November 22


Archived Newsletter Content


Newsletter #71 September - November, 2005

Short Recommendations
by Don Blyly

        The Tyranny of the Night by Glen Cook ($25.95) is quite a change compared to his other fantasies. Most of his fantasies over the last 15 years have had the story primarily told from the point of view of a single character with Attitude. This makes it easy for the reader to get into the story and follow the plot, and the snarky commentary from the protagonist is wonderful.
        The Tyranny of the Night is the first volume of a multi-book big-world fantasy (The Instrumentalities of the Night), in the vein of Robert Jordan and George R. R. Martin, with lots of characters in different parts of the big world giving the reader different pieces of the big picture. Cook did not handle this multiple viewpoint business as smoothly as some other writers have, making the early part of the book a little difficult to follow. But before long, most of the story is being told from the point of view of one character (without Attitude, but he picks up a sidekick with Attitude and the sidekick is trying to teach him Attitude), and the story really picks up.
        The Holy Land is Holy because it contains the Wells of Magic, and where magic leaks into the world it is easier for a minor spirit to gain power, perhaps becoming a minor deity, and perhaps eventually a major deity. (All of these supernatural beings are collectively referred to as the instrumentalities of the night, and they are dangerous to most humans.) And it is also easier for sorcerers to do their work where there is so much magic available. Thus, the Holy Land is much fought over.
        While on a spying mission in the Holy Land, one man accidently learns how to kill one of the Instrumentalities of the Night. He doesn't think much of it, just being glad that he managed to save his men. But the Instrumentalities of the Night noticed, and they are very upset, even the major gods, and major sorcerers also noticed. Soon armies are marching here and there, battle fleets are sailing about, various forces are plotting like crazy. The story quickly becomes interesting, then compelling. My one major complaint is that the book badly needed a map so that the reader could figure out where the various countries were in relation to each other as all this marching about and sailing about was taking place.

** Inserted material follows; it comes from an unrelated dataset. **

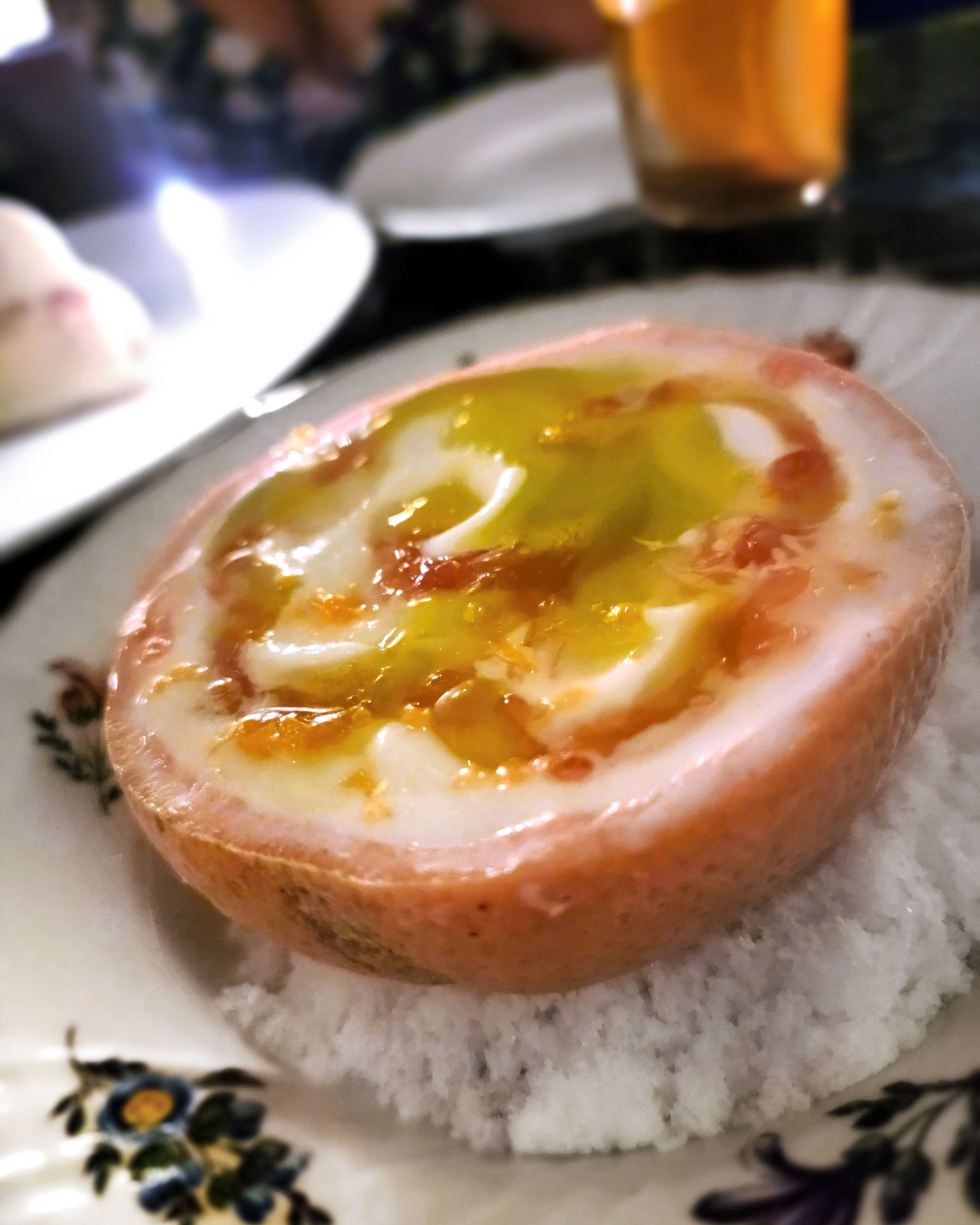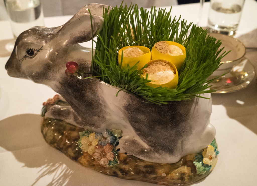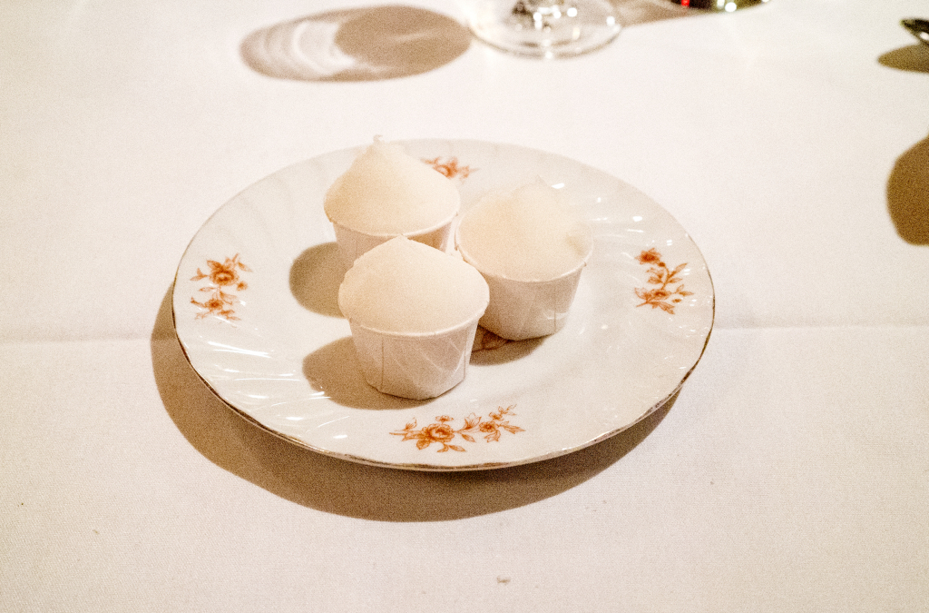 Whipped ricotta cheesecake with finger lime graham cracker dusting and olive oil, served in eggshells that sat on a porcelain rabbit’s ass area. Nice presentation. Great bite of cheesecake here. Very soft and creamy.

        Woken Furies by Richard K. Morgan ($24.95, due early October) is the third Takeshi Kovacs novel. In the first novel, Altered Carbon ($13.95, signed copies available), we encountered Kovacs as a very hard-boiled private eye on Earth in the twenty-fifth century. Using alien technology, humans have learned to extract human consciousness from the human body and download it into another human body, even in other star systems. Kovacs was a former U.N. envoy, who was transmitted from star system to star system to help overturn governments that the U.N. wanted overthrown or to help defeat revolutionary movements that threaten governments that the U.N. wanted to support. After leaving the military and returning to his home planet, Harlan's World, Kovacs found that the career that he was best suited for was industrial espionage. After he and his lover are caught and sent to prison, his services are purchased by a rich man on Earth who needs a tough private eye to investigate his own murder.
        In the second book, Broken Angels ($14.95, signed copies available), thirty years have passed and the writing style changes to military science fiction as Kovacs becomes a mercenary in a really nasty planetary war on Sanction IV. In this book, we learn much more about the aliens from which we got the technology to get to the stars, as well as the ruthless corporate power structure that control man's expansion to the stars.
        In Woken Furies, Kovacs finally returns to Harlan's World to try to track down his lover who went to prison back at the beginning of the first book. He finds that the oligarchy that has always ruled Harlan's World has become even more repressive, and that large numbers of the common people have turned to a very conservative, repressive religion. With the alien technology plus cloning, people can hop from body to body as they become old, so that it's rare for people to actually die permanently. But Kovacs finds that his lover is permanently dead because of the repressive religion, and he goes on a personal vendetta against the religion, with some help from his old contacts with the criminal underground. One of the ruling families of Harlan's World becomes so concerned about Kovacs' vendetta that they pull out a secretly recorded copy of the young Kovacs from a previous time he was on the planet, install the young Kovacs into a body, and sends the young Kovacs to kill the older, much more experienced Kovacs. (This is so illegal that the U.N. would overthrow the government of Harlan's World if they found out about it.)
        Meanwhile, a revolutionary who was thought to have been permanently killed a couple of centuries before claims to be back from the dead, and a bunch of her old revolutionary followers are gathering to re-start the revolution. The last time around, she let loose a batch of self-replicating fighting machines controlled by revolutionary-rhetoric-spouting artificial intelligences, and those machines still control a significant part of the world.
        When Richard Morgan stopped by Uncle Hugo's to sign the first two books, he was just getting started on writing Woken Furies, and he said he planned to go back to the hard-boiled private eye style of writing for the third book. It didn't turn out that way, but it isn't quite that same style as the second book. With books this good, I don't mind three different writing styles in the three books in the series so far. Each book also throws in more fresh new concepts not explored in the previous volumes, making the universe more interesting and complex with each book.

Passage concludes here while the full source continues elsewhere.